§ TRY IT: For this listing, the lines between the one holding "Брюки изготовлены из" and the one holding "ثم قال عمر : أشيروا", inclusive, must be set down exactly.

§ AVAILABLE DATA:
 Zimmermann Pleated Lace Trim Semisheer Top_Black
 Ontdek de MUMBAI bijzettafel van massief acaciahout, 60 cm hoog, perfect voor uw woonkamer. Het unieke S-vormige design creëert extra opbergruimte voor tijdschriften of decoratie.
* * *
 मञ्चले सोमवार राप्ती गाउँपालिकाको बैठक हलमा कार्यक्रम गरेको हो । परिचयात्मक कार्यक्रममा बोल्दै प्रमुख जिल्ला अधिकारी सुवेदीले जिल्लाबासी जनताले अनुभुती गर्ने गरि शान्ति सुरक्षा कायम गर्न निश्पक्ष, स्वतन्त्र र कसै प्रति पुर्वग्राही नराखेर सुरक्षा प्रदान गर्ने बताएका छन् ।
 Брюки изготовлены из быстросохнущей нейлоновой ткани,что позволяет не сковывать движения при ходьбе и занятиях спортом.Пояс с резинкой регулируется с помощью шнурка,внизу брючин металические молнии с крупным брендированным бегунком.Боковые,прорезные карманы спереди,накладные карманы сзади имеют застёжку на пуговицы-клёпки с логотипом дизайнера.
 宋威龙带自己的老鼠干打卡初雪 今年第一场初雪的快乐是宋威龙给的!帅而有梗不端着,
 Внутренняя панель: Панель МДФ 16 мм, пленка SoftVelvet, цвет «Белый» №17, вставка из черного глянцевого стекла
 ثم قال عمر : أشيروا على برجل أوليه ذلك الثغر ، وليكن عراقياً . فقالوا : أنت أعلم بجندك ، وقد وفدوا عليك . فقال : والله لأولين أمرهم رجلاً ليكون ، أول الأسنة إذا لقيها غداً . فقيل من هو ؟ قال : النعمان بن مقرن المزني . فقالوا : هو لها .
---
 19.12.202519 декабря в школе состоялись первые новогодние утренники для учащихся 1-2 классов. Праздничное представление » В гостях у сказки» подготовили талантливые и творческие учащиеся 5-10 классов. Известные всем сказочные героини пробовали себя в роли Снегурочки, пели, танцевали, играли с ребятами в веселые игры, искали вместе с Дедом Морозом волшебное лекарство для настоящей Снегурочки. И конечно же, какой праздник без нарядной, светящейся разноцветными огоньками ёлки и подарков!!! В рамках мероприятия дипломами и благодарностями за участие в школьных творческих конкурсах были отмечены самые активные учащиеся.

§ THE COMPLETED TASK:
 Брюки изготовлены из быстросохнущей нейлоновой ткани,что позволяет не сковывать движения при ходьбе и занятиях спортом.Пояс с резинкой регулируется с помощью шнурка,внизу брючин металические молнии с крупным брендированным бегунком.Боковые,прорезные карманы спереди,накладные карманы сзади имеют застёжку на пуговицы-клёпки с логотипом дизайнера.
 宋威龙带自己的老鼠干打卡初雪 今年第一场初雪的快乐是宋威龙给的!帅而有梗不端着,
 Внутренняя панель: Панель МДФ 16 мм, пленка SoftVelvet, цвет «Белый» №17, вставка из черного глянцевого стекла
 ثم قال عمر : أشيروا على برجل أوليه ذلك الثغر ، وليكن عراقياً . فقالوا : أنت أعلم بجندك ، وقد وفدوا عليك . فقال : والله لأولين أمرهم رجلاً ليكون ، أول الأسنة إذا لقيها غداً . فقيل من هو ؟ قال : النعمان بن مقرن المزني . فقالوا : هو لها .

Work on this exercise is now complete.